C provides several built-in data types that can be used to declare variables, including:

• int type: used for integer values. including int, short, long, and long long. Each integer type has a different range of values it can represent.
• char type: used for character values. C provides two character types: char and signed char.
• float type: used for floating-point values
• double type: used for double-precision floating-point values
• void type: used for indicating that a function does not return a value
• Boolean type: This is a built-in data type in C99 and later versions. The _Bool type can have the values 0 or 1 to represent false or true, respectively.

In addition to these built-in data types, C also allows for the creation of user-defined data types using the struct keyword. A struct is a collection of related variables that can be treated as a single entity.

For example, to declare a struct that represents a person with a name and age, you could use the following syntax:

struct person {
    char name[50];
    int age;
};

This declares a new data type called person, which has two fields: name, which is an array of characters with a maximum length of 50, and age, which is an integer.

Using the proper syntax for data types in C is important for ensuring that variables are properly initialized and used, and can help prevent errors and bugs in code.

C Declearation, Defination and Function call

A variable declaration tells the compiler the name and type of a variable, without providing its value or memory location. Similarly, a function declaration tells the compiler the name, return type, and parameter types of a function, without providing its implementation.

int my_declearation;

int add(int a, int b);

A definition is a statement that both declares and implements an identifier. A definition provides the full details of an identifier, including its implementation and any necessary storage allocation.

For example, a variable definition declares a variable and provides its initial value and storage location. Similarly, a function definition provides the full implementation of a function, including its body and any necessary local variables.

int my_variable = 42;

int mul(int a, int b) {
  int product = a * b;
  return (product);
}

It is important to note that in C, a declaration can be separated from its definition, but a definition must be a declaration.

A function call is a statement that invokes a function and passes it the required arguments. Here is an example of a function call to the mul funtion.

int result = mul(2, 3);

The function call executes the code within the function definition and returns a value to the caller.

C Return value.

return is a keyword in many programming languages, including C, that is used to exit a function and return a value to the caller. In C, the return statement can be used in a function to return a value of a specified type.
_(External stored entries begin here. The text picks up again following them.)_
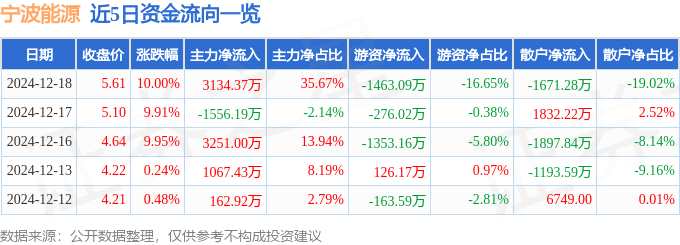消息,寧波能源12月18日漲停收盤,收盤價(jià)5.61元。該股于9點(diǎn)25分漲停,未打開漲停,截止收盤封單資金為2.19億元,占其流通市值3.5%。
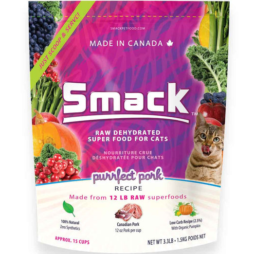 Smack Purrfect Pork Raw Dehydrated Cat Food uses only the highest quality ingredients. We steer clear of the bad stuff. Every recipe is carefully composed to support your dog with:
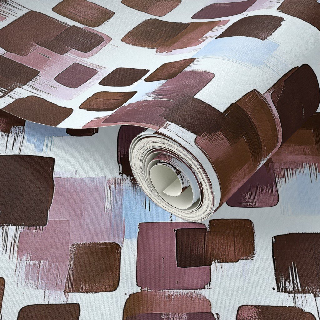 Be the first to review “Abstract Brushstroke Blocks in Brown Rosewood and Sky Blue Wallpaper”

The syntax of the return statement in C is as follows:

return (expression);

Here, expression is the value that the function will return. The type of the expression must match the return type of the function. For example, if the function has a return type of int, the expression must evaluate to an int.

If the return statement is called without an expression, it is used to exit the function and return control to the caller. In this case, the function return type must be void.

Here is an example of a function that uses the return statement to return a value:

int add(int a, int b) {
  int sum = a + b;
  return sum;
}

Value for Return.

The value for a return statement in C is an expression that is evaluated and returned to the caller of the function. The specific value that is returned depends on the function's implementation and the type of value that is expected by the caller.

Conventionally, a return value of 0 is often used to indicate that a function executed successfully, and a nonzero value (such as 1) is used to indicate that an error occurred. However, the specific meaning of a non-negative return value can be implementation-dependent and can vary from function to function.

A return value of -1 is often used to indicate an error in functions that return an integer, such as the open() system call in Unix-like operating systems. However, the specific meaning of a -1 return value can also depend on the function's implementation and the context in which it is used.